New types of architecture connected with the economic expansion: railroad stations, hotels, office buildings, department stores and exposition halls, occupied the center of Paris, which previously had been largely residential. To improve traffic circulation and bring light and air to the center of the city,  Napoleon's Prefect of the Seine destroyed the crumbling and overcrowded neighborhoods in the heart of the city and built a network of grand boulevards. The expanded use of new building materials, especially iron frames, allowed the construction of much larger buildings for commerce and industry.

Architectural restoration

Another aspect of the Napoleon III style was the restoration of historical monuments which had been badly damaged during the French Revolution, or were threatened with destruction by the growth of cities. This program was largely carried out by Eugène Viollet-le-Duc, whose neo-Gothic design for a new Paris Opera later came in second to that of Garnier.  The restoration of Notre-Dame, begun in 1845, continued for twenty-five years. Some of its additions varied from the originals. Viollet-le Duc restored the flèche, or spirelet, of the Cathedral of Notre-Dame de Paris, which had been partially destroyed and desecrated during the French Revolution, in a slightly different style, and added gargoyles which had not originally been present to the façade.

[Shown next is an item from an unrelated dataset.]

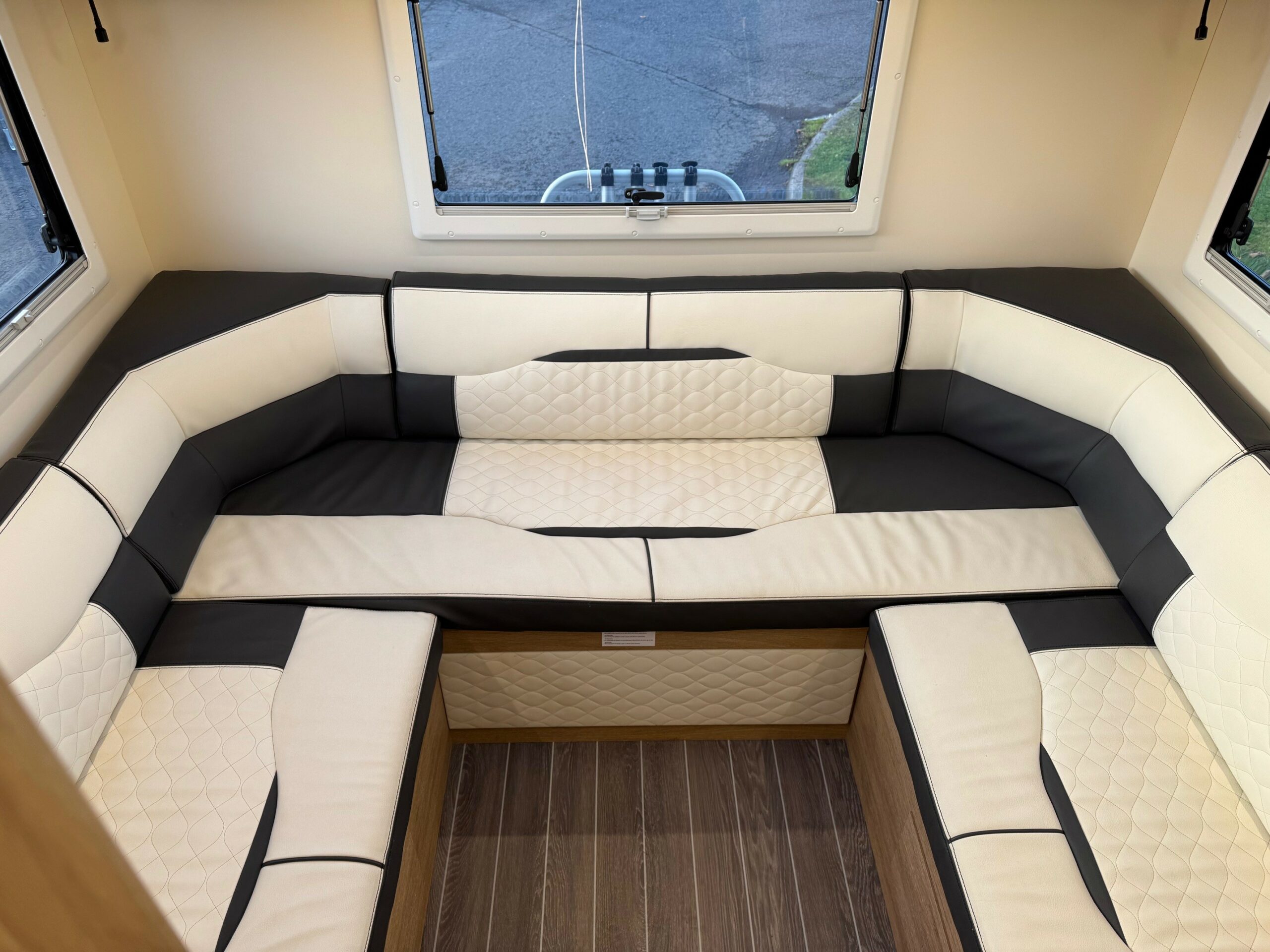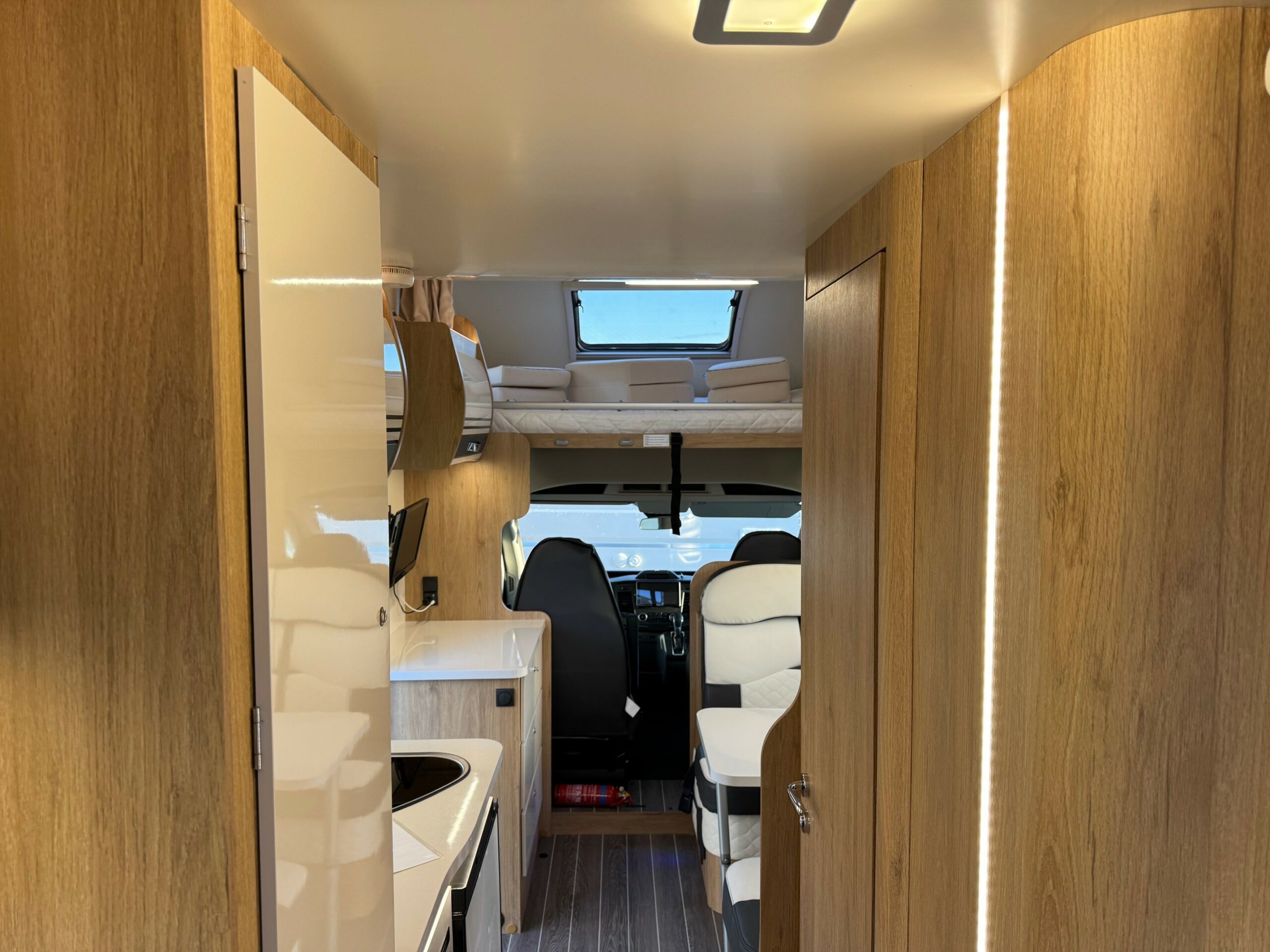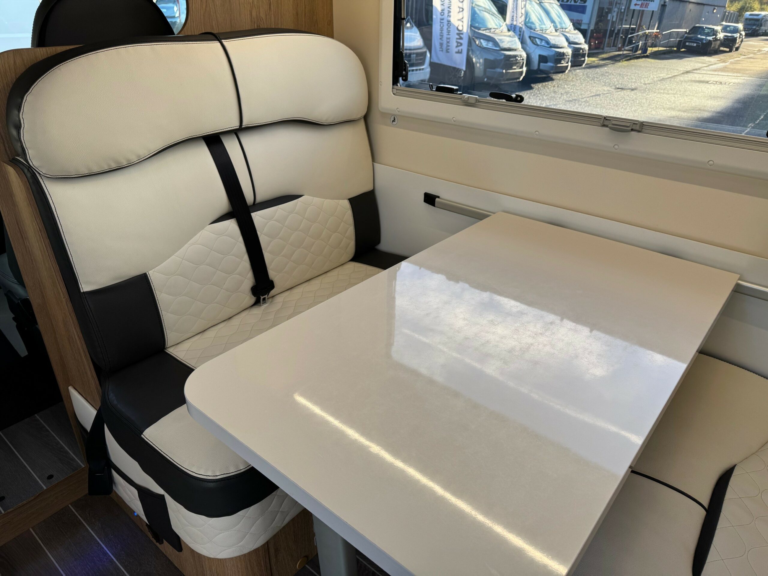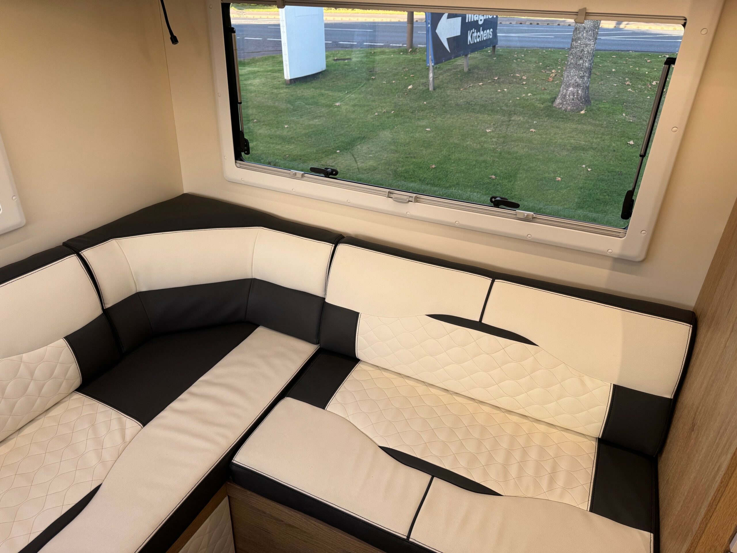 6 berth 4 belt 7.2m 3500kg coachbuilt. Automatic Gearbox. Large rear lounge that easily converts into a large double bed with storage under the lounge for all your outdoor gear. Side washroom with shower and separate toilet. Large kitchen that has 3 ring hob, 36l oven/grill and undercounter 3 way fridge/freezer. Front dining area that also converts into a double bed. There is then the huge overcab double bed. This can also add as space for addtional storage during the daytime.

In 1855, he completed the restoration, begun in 1845, of the stained glass windows of the Sainte-Chapelle, and in 1862 he declared it a national historical monument. He also began restoration programs of the medieval walls of the Cité de Carcassonne and other sites. Viollet-le-Duc's restoration was criticized in the late 20th century for sometimes pursuing the spirit of the original work, rather than strict accuracy (for example, by using a type of Gothic tower cap from northern France for the walls of the Cité de Carcassonne, rather than a tower design from that region), but in Carcassonne and other cases the works would have been destroyed entirely without the intervention of Napoleon III and Viollet-le-Duc.

Landscape design

Napoleon III named Georges-Eugène Haussmann his new Prefect of Seine in 1853, and commissioned him to build new parks on the edges of the city, on the model of Hyde Park in London, the parks he had frequented when he was in exile.  Haussmann assembled a remarkable team: Jean-Charles Adolphe Alphand, the city's first Director of the new Service of Promenades and Plantations; Jean-Pierre Barillet-Deschamps, the city's first gardener-in-chief; Eugène Belgrand, a hydraulic engineer who rebuilt the city's sewers and water supply, and provided the water needed for the parks; and Gabriel Davioud, the city's chief architect, who designed chalets, temples, grottos, follies, fences, gates, lodges, lampposts and other park architecture.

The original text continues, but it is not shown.